Typical ML setup is $n \gg 1$.

Main cost of algortihm is to access the data.

Assumptions:
- $f_i$ is convex and $L$-smooth for all $i$, $f_i \in \mathcal{C}^1$ for all $i$

Gradient descent: $\nabla f(w) = \frac{1}{n} \sum_{i=1}^n \nabla f_i(w)$
Iteration $k$: $w_{k+1} = w_k - \alpha_k \nabla f(w_k)$ = $w_k - \alpha_k \frac{1}{n} \sum_{i=1}^n \nabla f_i(w_k)$
Where $\alpha_k$ is the step size with $\alpha_k > 0$.

One iteration of GD requires to access aall the data points. This is expensive for large $n$.

**GOAL**: Find a method that can minimise $f(w)$ that has iteration less expensive than GD.

**Note**: $f(w) = \frac{1}{n} \sum_{i=1}^n f_i(w)$ known as **empirical risk** minimisation. Finite amount of data points.
Most of what we study also applies to $\min_{w \in \mathbb{R}^d} f(w) = \mathbb{E}_{x \sim \mathcal{D}} \left[ f(x, w) \right]$ where $x$ is a random variable and $\mathcal{D}$ is a probability distribution.

## Stochastic gradient descent (SGD)

$$
f(w) = \frac{1}{n} \sum_{i=1}^n f_i(w) \quad \text{where } f_i \in \mathcal{C}^1 \text{ and } L_i \text{-smooth} \\
\text{Gradient descent: } w_{k+1} = w_k - \alpha_k \sum_{i=1}^n \nabla f_i(w_k) \\
\text{Stochastic gradient descent: } w_{k+1} = w_k - \alpha_k \nabla f_{i_k}(w_k) \quad \text{where } i_k \sim \{1, \dots, n\} \text{ uniformly at random}
$$

One iteration of SGD requires to access only one data point $f_{i_k}$ while GD requires to access all the data points.

**Note**: Does SGD decrease the objective function $f(w)$? Not always!

**Example**: $f_1(w) = 2w^2$, $f_2(w) = -w^2$, $f(w) = \frac{1}{2} \left( f_1(w) + f_2(w) \right) = \frac{1}{2} w^2$.
For $i = 2$, the gradient is $\nabla f_2(w) = -2w$ so $w_{k+1} = w_k + 2 \alpha_k w_k$ and $w_{k+1} = \left( 1 + 2 \alpha_k \right) w_k$. As long as $\alpha_k > -\frac{1}{2}$, $w_k \to \infty$.

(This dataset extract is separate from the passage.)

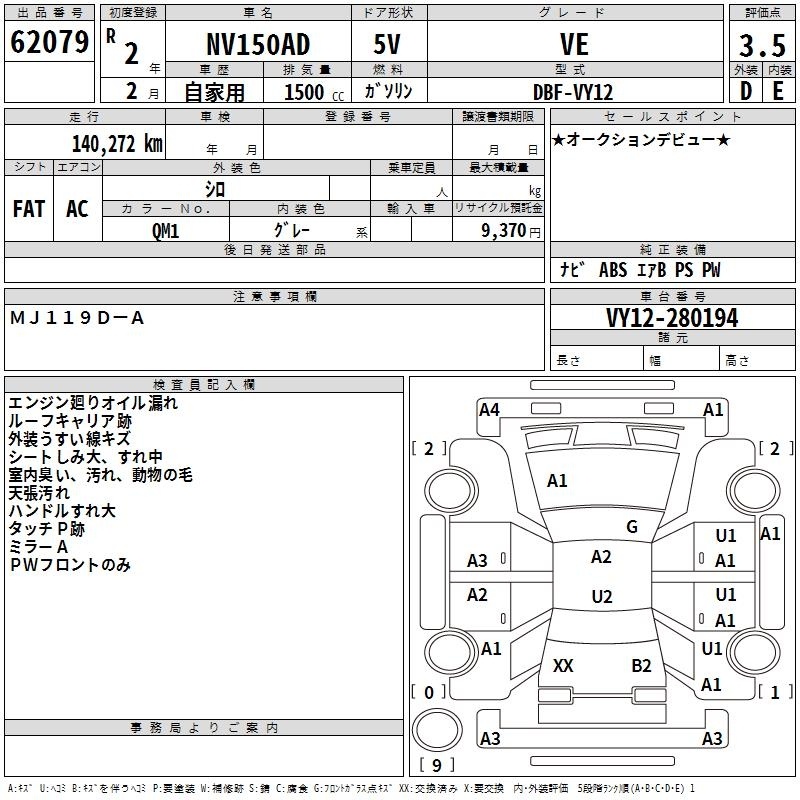 Все аукционы NISSAN NV150 AD

**Note**: SGD is not a descent method. The function value might increase because of the random and inexactly gradient.In practice, this works well for ML applications with many data points. In those cases, SGD tends to converge faster than GD.

Iteration of SGD: $w_{k+1} = w_k - \alpha_k \nabla f_{i_k}(w_k) \quad \text{where } \alpha > 0 \text{ and } i_k \sim \{1, \dots, n\} \text{ uniformly at random}$

### **Question**: How to choose $\alpha_k$ and $i_k$?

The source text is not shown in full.